Histopathological findings:

not examined

Details on results (F1)

There were no effects of treatment on pup viability or pup body weights. There was finding of hypoplasia in the kidney (right) with partial dark red discolouration in one female pup in the 1000 mg/kg bw/d group and there was a finding of trauma (body part included in general appearance observation finding) in one female pup in the 300 mg/kg bw/d group.
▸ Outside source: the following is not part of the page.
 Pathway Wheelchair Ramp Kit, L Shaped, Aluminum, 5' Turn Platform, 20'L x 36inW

Pups that died or were born dead exhibited trauma of the medial dorsal region, cervical region, cervical dorsal region, nasal region, left abdominal region and head in both control and treated groups. A dark red discolouration of the right side of the head was noted in some of the treated pups that died. The effects seen in pups at autopsy were not considered related to treatment, as they occurred in such low frequencies.

Effect levels (F1)

Overall reproductive toxicity

Any other information on results incl. tables

There was no effect on reproduction or development in this screening test, in the presence of slight parental toxicity.
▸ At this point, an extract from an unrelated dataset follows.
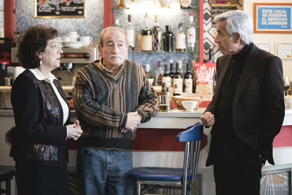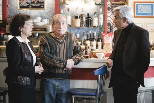 Casandra (Carmen Balagué), Ramón (Manolo Cal) y Antonio Alcántara (Imanol Arias) conversan en el Bistró en el 20x09 de 'Cuéntame cómo pasó'.

Applicant's summary and conclusion

Conclusions:

No evdience of reproductive or developmental toxicity was seen at the limit dose of 1000 mg/kg bw/d under the conditions of this study.

Executive summary:

A combined repeated dose toxicity study with the reproduction/developmental toxicity screening test was conducted with Pentaerythritol in male and female Crj: CD(SD) rats. Pentaerythritol (in vehicle: 0.5% CMC-Na solution) was adminstered orally by gavage, at doses of 0 (vehicle only control), 100, 300 or 1000 mg/kg bw/d. Males were exposed for 46 days, starting from 14 days prior to mating. Females were exposed for 14 days prior to mating, during the mating period and gestation until lactation day 3. The only treatment related findings of parental toxicity were the intermittent occurrence of soft faeces and diarhhoea in males and females of the 300 and 1000 mg/kg bw/d groups. There were no treatment related effects on reproduction or the development of newborn pups (to lactation day 4). Therefore the NOAEL for repeated dose toxicity was established as 100 mg/kg bw/d, and the NOAEL for reproductive toxicity was established as 1000 mg/kg bw/d.